What the exercise asks:
Word for word, restate every record, though not the pictures.

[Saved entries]
▬▬▬▬▬▬▬▬▬▬

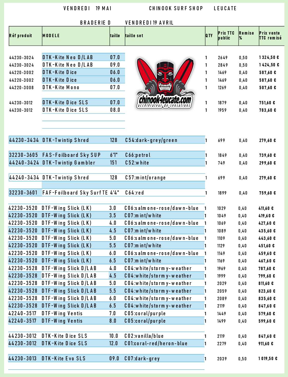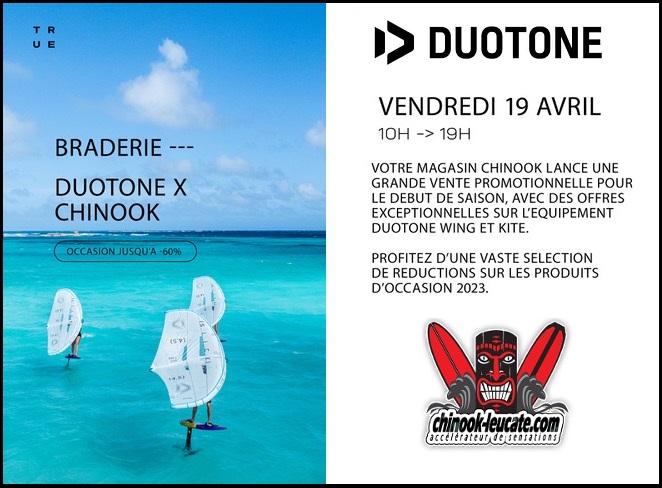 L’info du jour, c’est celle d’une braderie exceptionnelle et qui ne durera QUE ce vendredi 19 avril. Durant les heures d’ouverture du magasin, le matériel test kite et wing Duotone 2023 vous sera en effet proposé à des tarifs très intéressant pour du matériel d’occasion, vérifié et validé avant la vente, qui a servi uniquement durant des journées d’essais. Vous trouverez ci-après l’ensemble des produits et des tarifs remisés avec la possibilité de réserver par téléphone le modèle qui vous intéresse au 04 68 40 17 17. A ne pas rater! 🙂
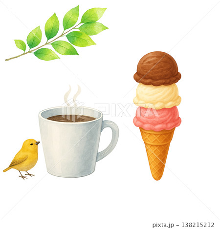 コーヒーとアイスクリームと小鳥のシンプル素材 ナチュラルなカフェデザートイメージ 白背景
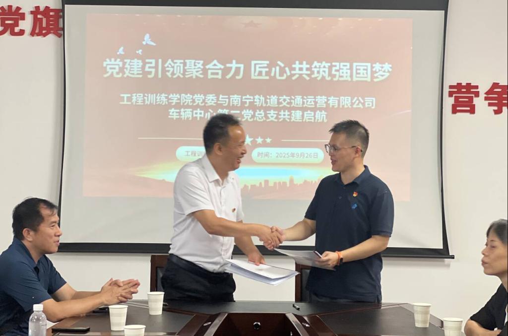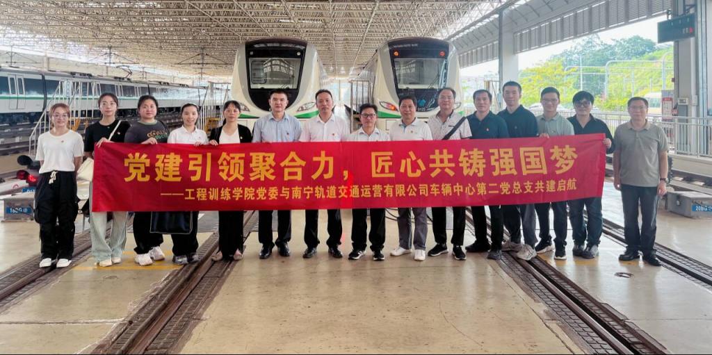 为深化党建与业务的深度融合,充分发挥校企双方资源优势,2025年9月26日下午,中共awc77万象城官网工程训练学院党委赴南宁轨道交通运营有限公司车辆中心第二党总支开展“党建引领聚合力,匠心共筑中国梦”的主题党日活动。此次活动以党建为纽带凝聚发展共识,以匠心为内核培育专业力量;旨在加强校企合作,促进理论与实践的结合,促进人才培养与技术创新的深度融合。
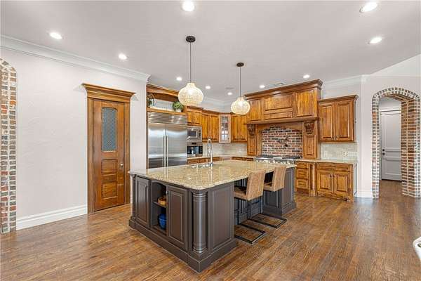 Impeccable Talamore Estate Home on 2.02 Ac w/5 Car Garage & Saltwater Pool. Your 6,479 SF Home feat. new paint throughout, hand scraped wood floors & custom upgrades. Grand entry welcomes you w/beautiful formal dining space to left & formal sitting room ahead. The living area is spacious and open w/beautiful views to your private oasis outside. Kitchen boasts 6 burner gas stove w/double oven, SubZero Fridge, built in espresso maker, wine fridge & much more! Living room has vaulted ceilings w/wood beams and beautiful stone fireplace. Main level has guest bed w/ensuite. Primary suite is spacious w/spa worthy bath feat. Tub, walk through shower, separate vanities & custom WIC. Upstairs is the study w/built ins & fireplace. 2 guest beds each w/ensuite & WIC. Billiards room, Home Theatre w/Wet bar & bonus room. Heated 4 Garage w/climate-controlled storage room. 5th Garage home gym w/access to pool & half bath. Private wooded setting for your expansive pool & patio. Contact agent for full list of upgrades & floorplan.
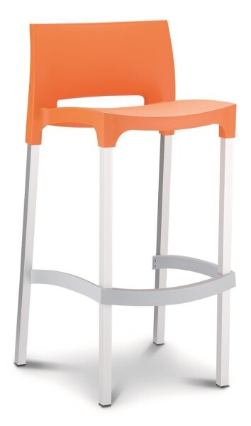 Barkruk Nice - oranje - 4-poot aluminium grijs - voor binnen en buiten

▬▬▬▬▬▬▬▬▬▬

Exercise result:
 L’info du jour, c’est celle d’une braderie exceptionnelle et qui ne durera QUE ce vendredi 19 avril. Durant les heures d’ouverture du magasin, le matériel test kite et wing Duotone 2023 vous sera en effet proposé à des tarifs très intéressant pour du matériel d’occasion, vérifié et validé avant la vente, qui a servi uniquement durant des journées d’essais. Vous trouverez ci-après l’ensemble des produits et des tarifs remisés avec la possibilité de réserver par téléphone le modèle qui vous intéresse au 04 68 40 17 17. A ne pas rater! 🙂
 コーヒーとアイスクリームと小鳥のシンプル素材 ナチュラルなカフェデザートイメージ 白背景
 为深化党建与业务的深度融合,充分发挥校企双方资源优势,2025年9月26日下午,中共awc77万象城官网工程训练学院党委赴南宁轨道交通运营有限公司车辆中心第二党总支开展“党建引领聚合力,匠心共筑中国梦”的主题党日活动。此次活动以党建为纽带凝聚发展共识,以匠心为内核培育专业力量;旨在加强校企合作,促进理论与实践的结合,促进人才培养与技术创新的深度融合。
 Impeccable Talamore Estate Home on 2.02 Ac w/5 Car Garage & Saltwater Pool. Your 6,479 SF Home feat. new paint throughout, hand scraped wood floors & custom upgrades. Grand entry welcomes you w/beautiful formal dining space to left & formal sitting room ahead. The living area is spacious and open w/beautiful views to your private oasis outside. Kitchen boasts 6 burner gas stove w/double oven, SubZero Fridge, built in espresso maker, wine fridge & much more! Living room has vaulted ceilings w/wood beams and beautiful stone fireplace. Main level has guest bed w/ensuite. Primary suite is spacious w/spa worthy bath feat. Tub, walk through shower, separate vanities & custom WIC. Upstairs is the study w/built ins & fireplace. 2 guest beds each w/ensuite & WIC. Billiards room, Home Theatre w/Wet bar & bonus room. Heated 4 Garage w/climate-controlled storage room. 5th Garage home gym w/access to pool & half bath. Private wooded setting for your expansive pool & patio. Contact agent for full list of upgrades & floorplan.
 Barkruk Nice - oranje - 4-poot aluminium grijs - voor binnen en buiten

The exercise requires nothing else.